21. The applicant expressed the view that he was in business with Mr Taggart, who in turn was responsible for remunerating and supervising the deckhands. But this relationship fell short of a partnership. Section 5 of the Partnership Act 1891 (QLD) says that a partnership is the relation subsisting between persons carrying on a business in common with a view of profit. Section 6 of the Act and the common law refer to various indicia of partnership. For example, one would expect to see a sharing of profits and losses. Here, Mr Taggart took his share out of the gross and did not bear the costs. While he did not get paid if a trip was unsuccessful, he did not have to bear the costs associated with the trip. Those costs
ATC 2057were born by the applicant. The absence of an agreement to share losses is a relevant factor: see
Canny Gabriel Castle Jackson Advertising Pty Ltd v Volume Sales (Finance) Pty Ltd (1974) 131 CLR 321. Mr Taggart did have some authority to bind the applicant with respect to the sale of the catch and purchases, for example, but no more than one would expect of a manager in the circumstances. Taggart and Brinkley were not agents for each other, as one would expect in a partnership: see
Cox v Hickman (1860) 8 HLC 302 at 304 per Lord Cranworth LC; see also
Lang v James Morrison (1911) 13 CLR 1 at 11 per Griffith CJ.
22. Even if I accept Mr Brinkley's version of events - and I found him to be a credible witness who is genuinely mystified by the Commissioner's interest in his affairs - it seems clear that he was in an employment relationship with Mr Taggart and the various deckhands. I reach that conclusion because I am satisfied in particular that the applicant had the capacity to control Mr Taggart and the others who worked on his boat. The evidence from the applicant, Mr Taggart and Ken Francis that I have already discussed confirms that Mr Brinkley retained the power to exercise control, although he allowed Taggart great latitude - perhaps too much.
23. I have had regard to other features of the relationship as well, as the High Court indicated in Vabu. I am satisfied that Mr Taggart or the deckhands were not conducting their own business as principals, independent of the applicant. Their efforts were an integral part of the applicant's business, and subject to his direction.
24. If there is any doubt as to the conclusion at common law, the effect of s 12(3) of the SGAA appears to put the issue beyond doubt. The sub-section provides:
``If a person works under a contract that is wholly or principally for the labour of the person, the person is an employee of the other party to the contract.''
25. While I am conscious that the applicant relied to some extent on Mr Taggart's experience and judgement, the nature of the relationship (most obviously the retention of the right to control the operations of the vessel over time, if not on a particular voyage) suggests the relationship here was in substance a contract for the supply of labour. Mr Brinkley was not acquiring a package of services and/or goods. He was simply contracting Taggart to work for him as a skipper.
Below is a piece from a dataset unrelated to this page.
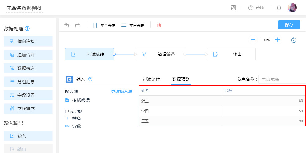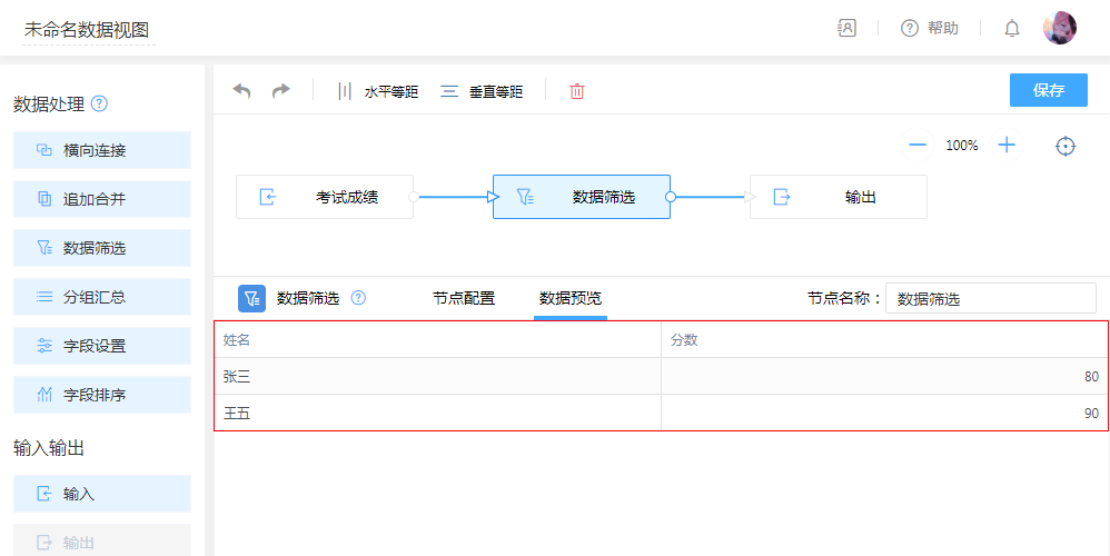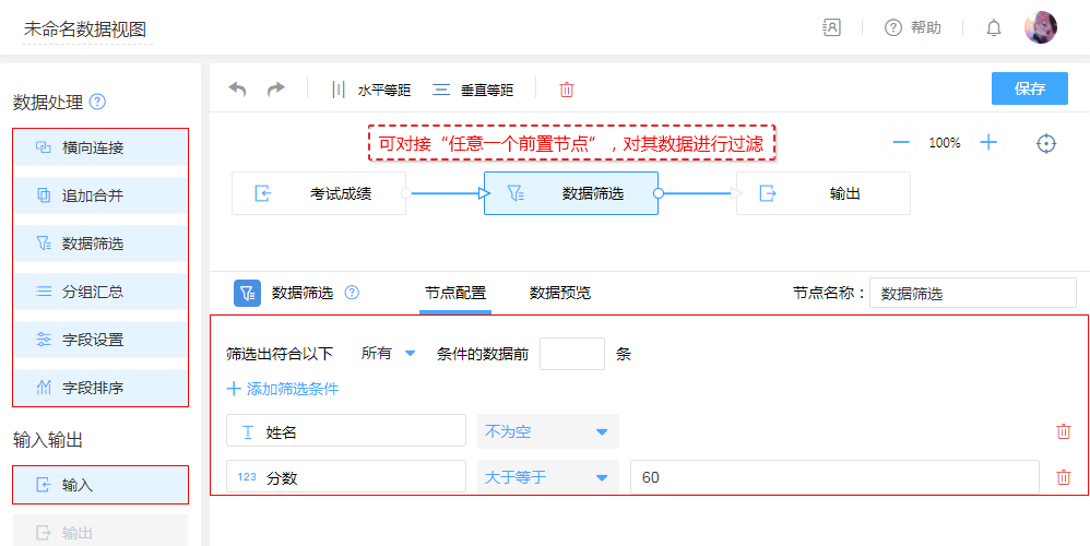 根据配置条件筛选后,只允许符合条件的数据通过。

26. I accept the applicant thought he was ``in business'' with Taggart. He thought he had discharged his obligation to make superannuation contributions by delegating responsibility to Mr Taggart. But the relationship is properly characterised as one between an employer and employee. In those circumstances, the responsibility for making the contribution falls on the employer. It follows that Mr Brinkley is liable to pay the charge.